Но чародей Гаевик дал этому месту другое название. И тихий шепот его проник в уши каждого находившегося в обсерватории:
— К могильному двору леди Олиндер.
Глава вторая
Холодный ветер выл над Погребальными Водами, шаря стылыми пальцами по улицам Западного Предела. Яхангир чувствовал его ледяные щипки даже сквозь накинутый на доспехи плащ — казалось, что шею щекочут студеные губы, голодные, жаждущие добраться до живого тепла.
Яхангир вскинул кулак, приказывая патрулю остановиться. Потом медленно осмотрелся, вглядываясь в тени. В Двойных городах никто и никогда не игнорировал бегущие по спине необъяснимые мурашки и пробирающий до костей озноб. Островитян преследовало не просто воображение, и страхи ночи были порождены вовсе не игрой света и тьмы.
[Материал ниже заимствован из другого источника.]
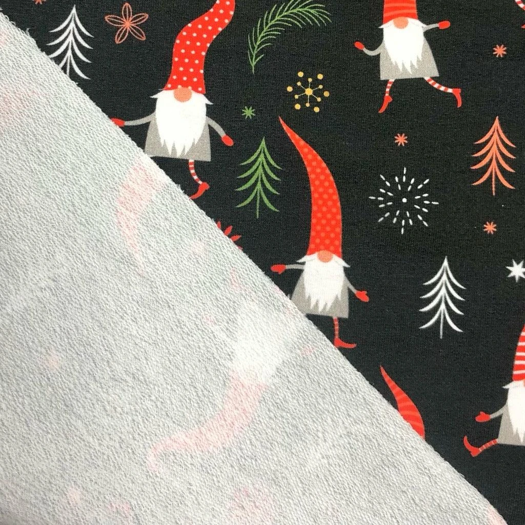 Xmas Gnomes on Black French Terry Fabric – available now at the UK’s lowest price!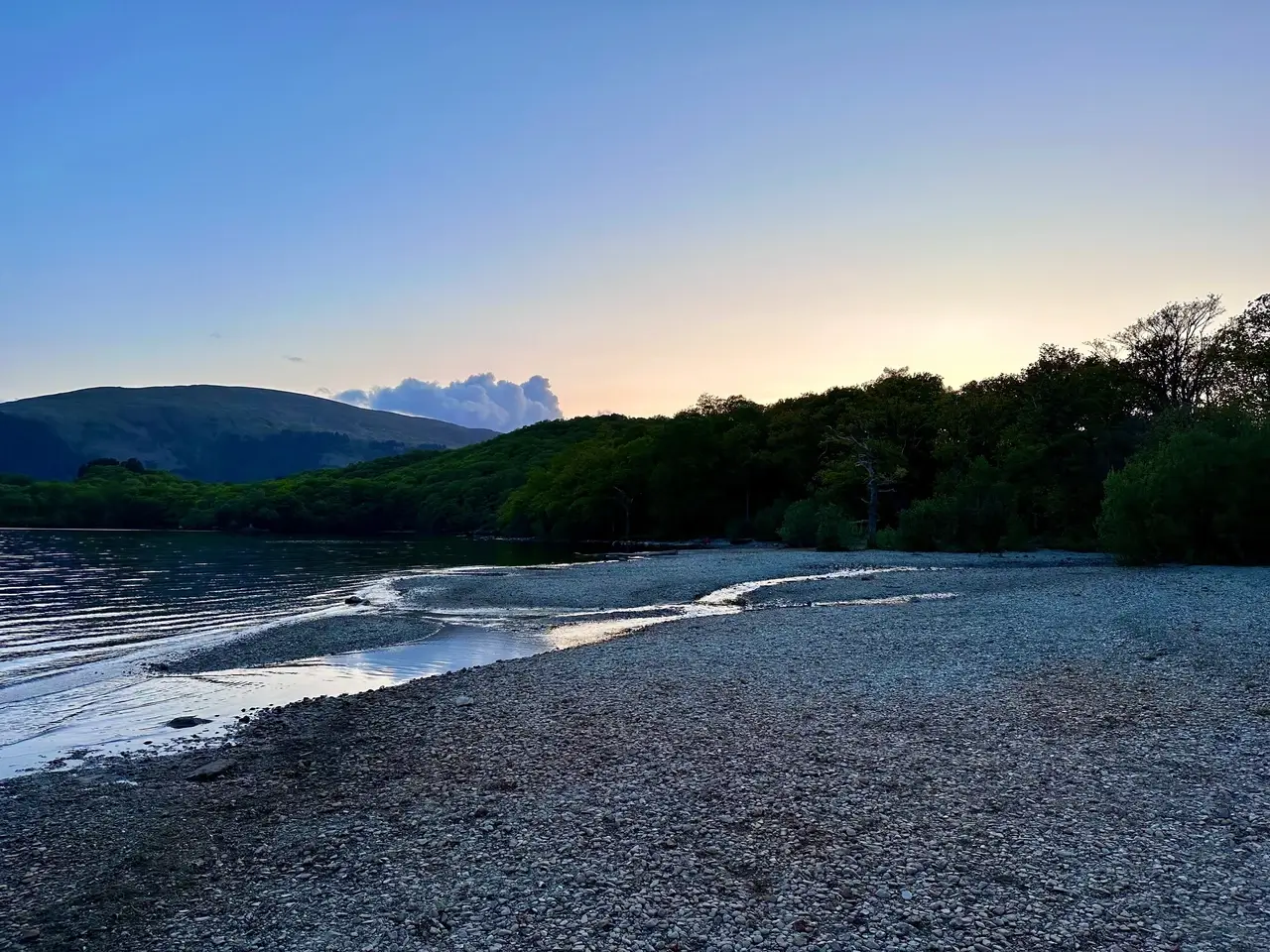 There was every sort of terrain today and I particularly loved the stone steps. They led all the way to the lake, which was then a meandering forest trail over gravel and tree roots. Scenic points with statues and benches looked out on islands, and surprisingly quickly I reached my campsite. Loch Lomond National Park is the only place where wild camping is by permit only so I chose the paid campsite to keep it easy. I arrived a bit early again, setting up my tent at 12:30am, but it gave me time to charge my batteries and relax by the beach.

Голубоватый свет маленькой лампы, прицепленной к плечу Яхангира, озарял заброшенные развалины, которые осматривали его солдаты. Покрытые коркой засохшей слизи, напластовавшейся за века, проведенные под водой, стены больше напоминали древние окаменелости, нежели что-то, созданное человеческими руками. Бреши в бесформенных остовах намекали, что тут некогда располагались давно сгнившие двери и окна. Крыши и перекрытия обрушились, засыпав стены грудами обломков. Кое-где улицы перегораживали останки какого-нибудь истлевшего шпиля или узкой башни. Более или менее уцелевшие строения выглядели еще жутче, чернея ощеренными пастями злобных зверей.
— Увидел что-то, командир? — спросил один из солдат, следовавших за Яхангиром.
— Нет, Омид, — ответил тот, продолжая изучать тени. — Нечего тут видеть.
Уловив, с какой интонацией произнес командир последнее слово, Омид встревоженно кивнул. Слишком хорошо солдаты Гробовой стражи знали, что силы, угрожающие их поселению, не всегда можно увидеть глазами.
Яхангир шагнул вперед, на открывающуюся перед ними площадь, одной рукой крепко стискивая эфес меча. Ножны, сделанные из грифоньей кости, украшала резьба — могущественные молитвы и воззвания к Зигмару. Ножны наделяли хранящийся в них клинок магической аурой, враждебной беспокойным мертвецам. Но чары быстро выдыхались, и для их восполнения мечу требовалось проводить много часов в ножнах. Поэтому Гробовая стража не обнажала оружия без крайней нужны.
— Оставайтесь здесь, — бросил своему патрулю Яхангир.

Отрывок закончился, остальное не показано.